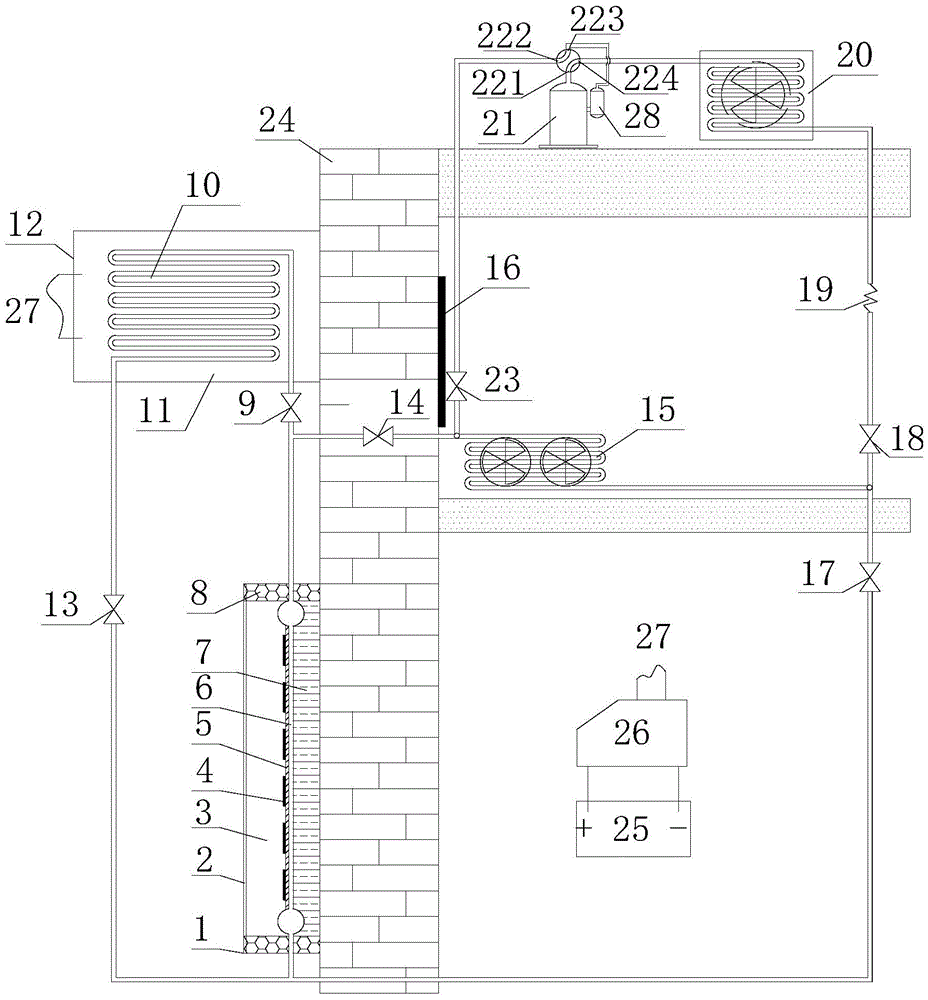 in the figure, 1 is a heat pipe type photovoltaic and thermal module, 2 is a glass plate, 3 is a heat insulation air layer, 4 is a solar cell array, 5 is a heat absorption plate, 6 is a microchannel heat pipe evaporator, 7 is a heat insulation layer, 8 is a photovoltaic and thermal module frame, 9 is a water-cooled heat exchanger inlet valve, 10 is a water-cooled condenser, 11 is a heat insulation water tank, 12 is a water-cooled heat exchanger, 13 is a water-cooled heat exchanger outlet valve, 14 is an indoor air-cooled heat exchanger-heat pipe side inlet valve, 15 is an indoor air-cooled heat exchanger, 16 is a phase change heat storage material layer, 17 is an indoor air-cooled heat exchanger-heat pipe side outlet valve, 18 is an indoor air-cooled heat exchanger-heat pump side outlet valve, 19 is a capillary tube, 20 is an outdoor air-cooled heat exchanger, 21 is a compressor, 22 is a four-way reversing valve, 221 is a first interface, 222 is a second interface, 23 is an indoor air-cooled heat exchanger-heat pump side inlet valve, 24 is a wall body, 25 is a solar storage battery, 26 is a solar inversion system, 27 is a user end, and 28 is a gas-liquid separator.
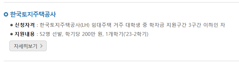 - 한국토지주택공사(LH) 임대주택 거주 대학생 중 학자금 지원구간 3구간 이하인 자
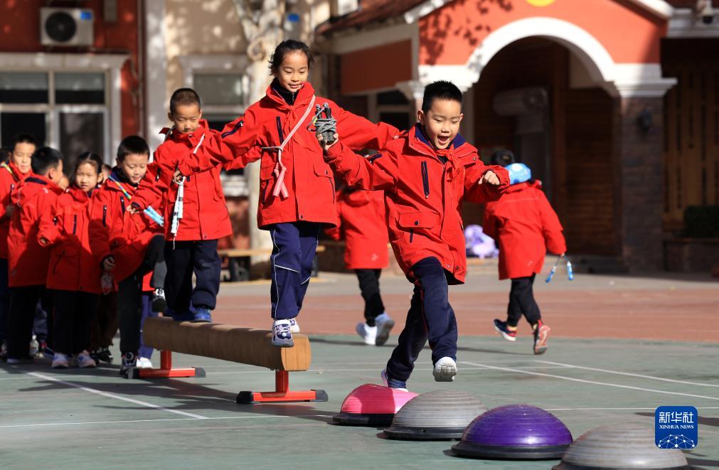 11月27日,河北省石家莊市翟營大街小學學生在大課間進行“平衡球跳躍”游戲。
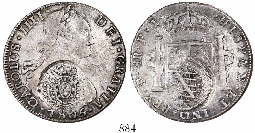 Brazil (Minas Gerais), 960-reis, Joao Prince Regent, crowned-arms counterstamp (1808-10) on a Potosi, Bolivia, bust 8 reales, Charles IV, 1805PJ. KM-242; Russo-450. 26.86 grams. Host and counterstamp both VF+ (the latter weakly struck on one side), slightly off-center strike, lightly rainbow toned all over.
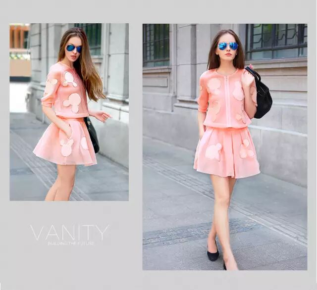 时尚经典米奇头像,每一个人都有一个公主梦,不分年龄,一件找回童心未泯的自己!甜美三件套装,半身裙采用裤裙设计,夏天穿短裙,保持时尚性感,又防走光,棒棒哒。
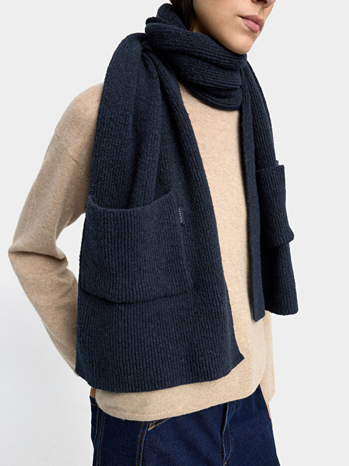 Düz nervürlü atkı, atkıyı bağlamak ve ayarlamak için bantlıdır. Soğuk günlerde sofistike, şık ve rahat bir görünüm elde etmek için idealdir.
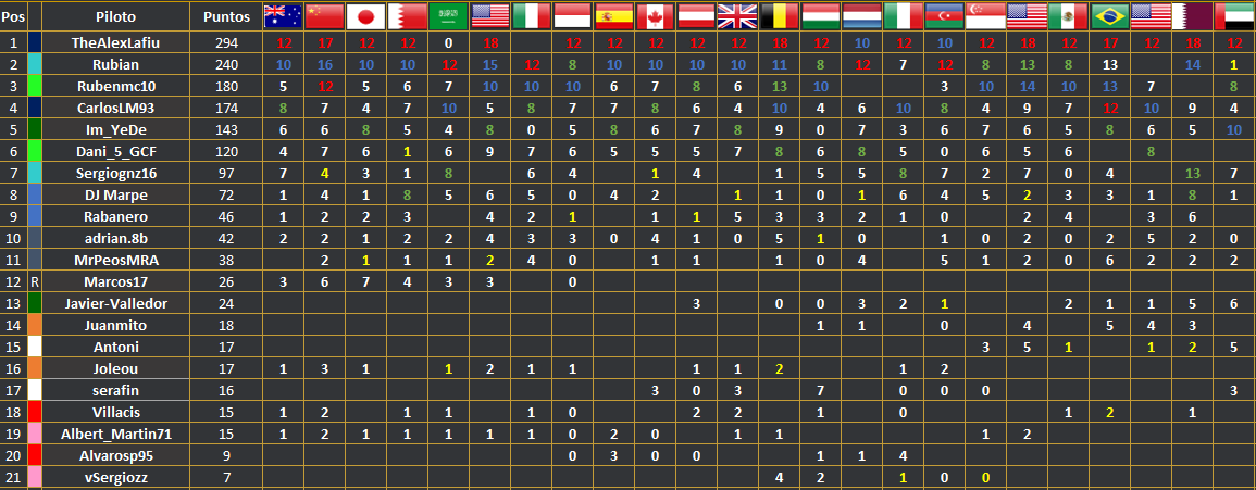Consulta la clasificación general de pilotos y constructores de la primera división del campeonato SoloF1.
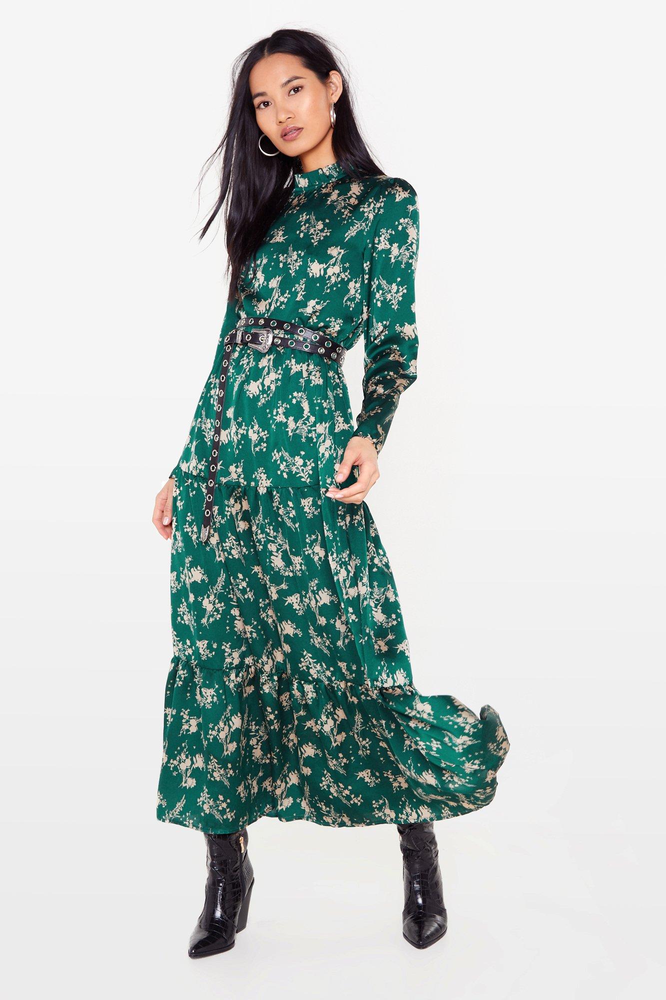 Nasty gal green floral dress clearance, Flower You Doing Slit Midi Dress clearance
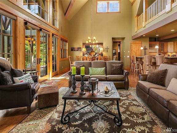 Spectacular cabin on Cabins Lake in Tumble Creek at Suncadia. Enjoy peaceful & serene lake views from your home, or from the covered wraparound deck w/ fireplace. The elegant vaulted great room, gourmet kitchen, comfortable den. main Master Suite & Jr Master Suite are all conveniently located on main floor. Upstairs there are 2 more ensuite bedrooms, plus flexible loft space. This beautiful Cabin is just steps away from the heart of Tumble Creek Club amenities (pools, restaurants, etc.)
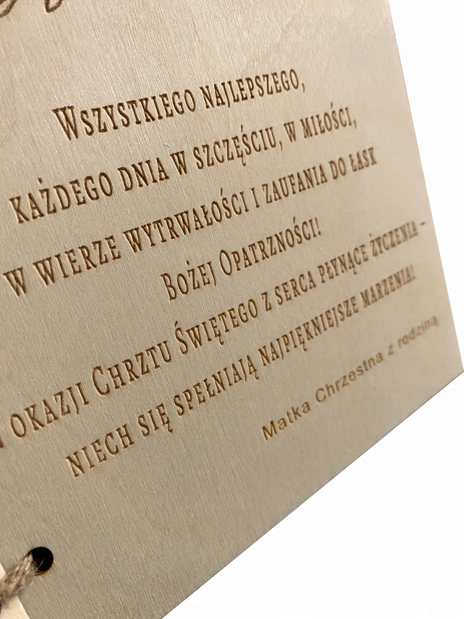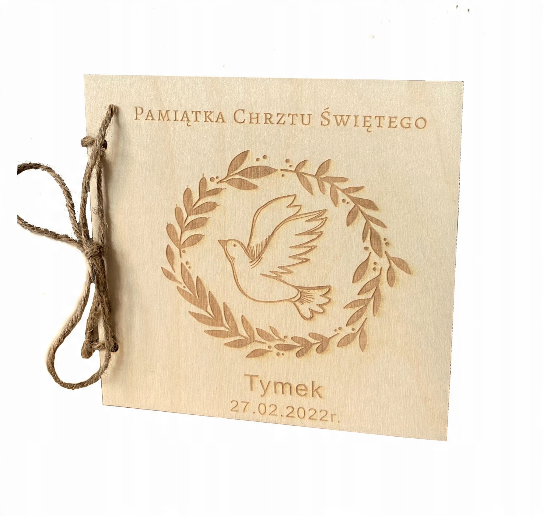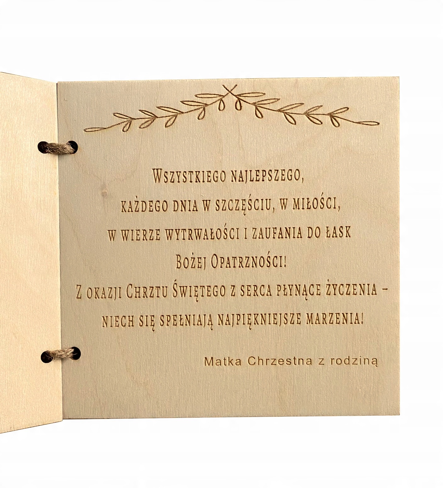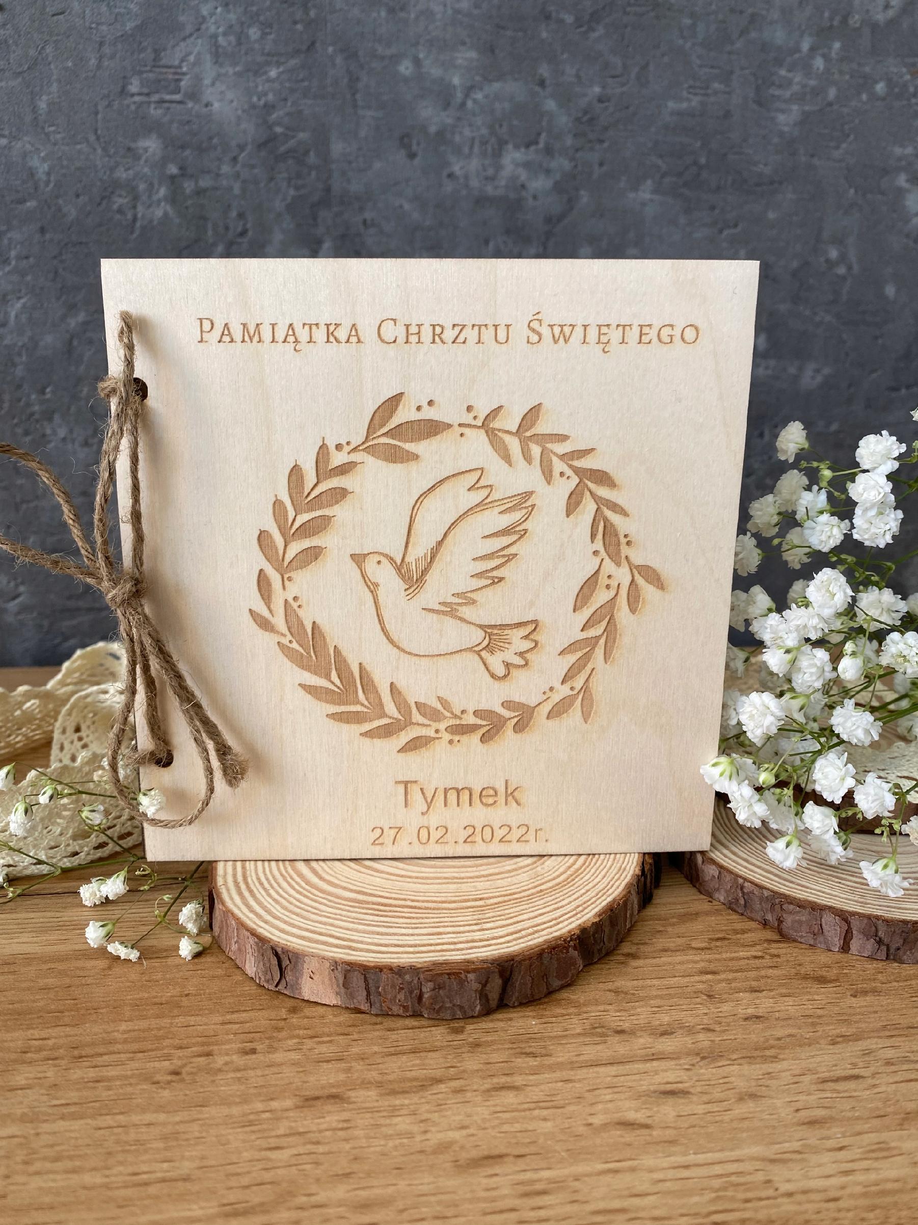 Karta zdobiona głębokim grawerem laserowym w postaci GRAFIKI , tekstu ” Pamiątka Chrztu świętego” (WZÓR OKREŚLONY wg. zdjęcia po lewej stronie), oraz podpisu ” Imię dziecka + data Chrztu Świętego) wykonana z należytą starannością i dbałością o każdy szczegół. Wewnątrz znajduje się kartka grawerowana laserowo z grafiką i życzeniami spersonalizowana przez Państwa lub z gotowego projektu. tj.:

++++++

What to do. Output the entries above exactly. Drop the pictures.

Written reply.
 in the figure, 1 is a heat pipe type photovoltaic and thermal module, 2 is a glass plate, 3 is a heat insulation air layer, 4 is a solar cell array, 5 is a heat absorption plate, 6 is a microchannel heat pipe evaporator, 7 is a heat insulation layer, 8 is a photovoltaic and thermal module frame, 9 is a water-cooled heat exchanger inlet valve, 10 is a water-cooled condenser, 11 is a heat insulation water tank, 12 is a water-cooled heat exchanger, 13 is a water-cooled heat exchanger outlet valve, 14 is an indoor air-cooled heat exchanger-heat pipe side inlet valve, 15 is an indoor air-cooled heat exchanger, 16 is a phase change heat storage material layer, 17 is an indoor air-cooled heat exchanger-heat pipe side outlet valve, 18 is an indoor air-cooled heat exchanger-heat pump side outlet valve, 19 is a capillary tube, 20 is an outdoor air-cooled heat exchanger, 21 is a compressor, 22 is a four-way reversing valve, 221 is a first interface, 222 is a second interface, 23 is an indoor air-cooled heat exchanger-heat pump side inlet valve, 24 is a wall body, 25 is a solar storage battery, 26 is a solar inversion system, 27 is a user end, and 28 is a gas-liquid separator.
 - 한국토지주택공사(LH) 임대주택 거주 대학생 중 학자금 지원구간 3구간 이하인 자
 11月27日,河北省石家莊市翟營大街小學學生在大課間進行“平衡球跳躍”游戲。
 Brazil (Minas Gerais), 960-reis, Joao Prince Regent, crowned-arms counterstamp (1808-10) on a Potosi, Bolivia, bust 8 reales, Charles IV, 1805PJ. KM-242; Russo-450. 26.86 grams. Host and counterstamp both VF+ (the latter weakly struck on one side), slightly off-center strike, lightly rainbow toned all over.
 时尚经典米奇头像,每一个人都有一个公主梦,不分年龄,一件找回童心未泯的自己!甜美三件套装,半身裙采用裤裙设计,夏天穿短裙,保持时尚性感,又防走光,棒棒哒。
 Düz nervürlü atkı, atkıyı bağlamak ve ayarlamak için bantlıdır. Soğuk günlerde sofistike, şık ve rahat bir görünüm elde etmek için idealdir.
Consulta la clasificación general de pilotos y constructores de la primera división del campeonato SoloF1.
 Nasty gal green floral dress clearance, Flower You Doing Slit Midi Dress clearance
 Spectacular cabin on Cabins Lake in Tumble Creek at Suncadia. Enjoy peaceful & serene lake views from your home, or from the covered wraparound deck w/ fireplace. The elegant vaulted great room, gourmet kitchen, comfortable den. main Master Suite & Jr Master Suite are all conveniently located on main floor. Upstairs there are 2 more ensuite bedrooms, plus flexible loft space. This beautiful Cabin is just steps away from the heart of Tumble Creek Club amenities (pools, restaurants, etc.)
 Karta zdobiona głębokim grawerem laserowym w postaci GRAFIKI , tekstu ” Pamiątka Chrztu świętego” (WZÓR OKREŚLONY wg. zdjęcia po lewej stronie), oraz podpisu ” Imię dziecka + data Chrztu Świętego) wykonana z należytą starannością i dbałością o każdy szczegół. Wewnątrz znajduje się kartka grawerowana laserowo z grafiką i życzeniami spersonalizowana przez Państwa lub z gotowego projektu. tj.:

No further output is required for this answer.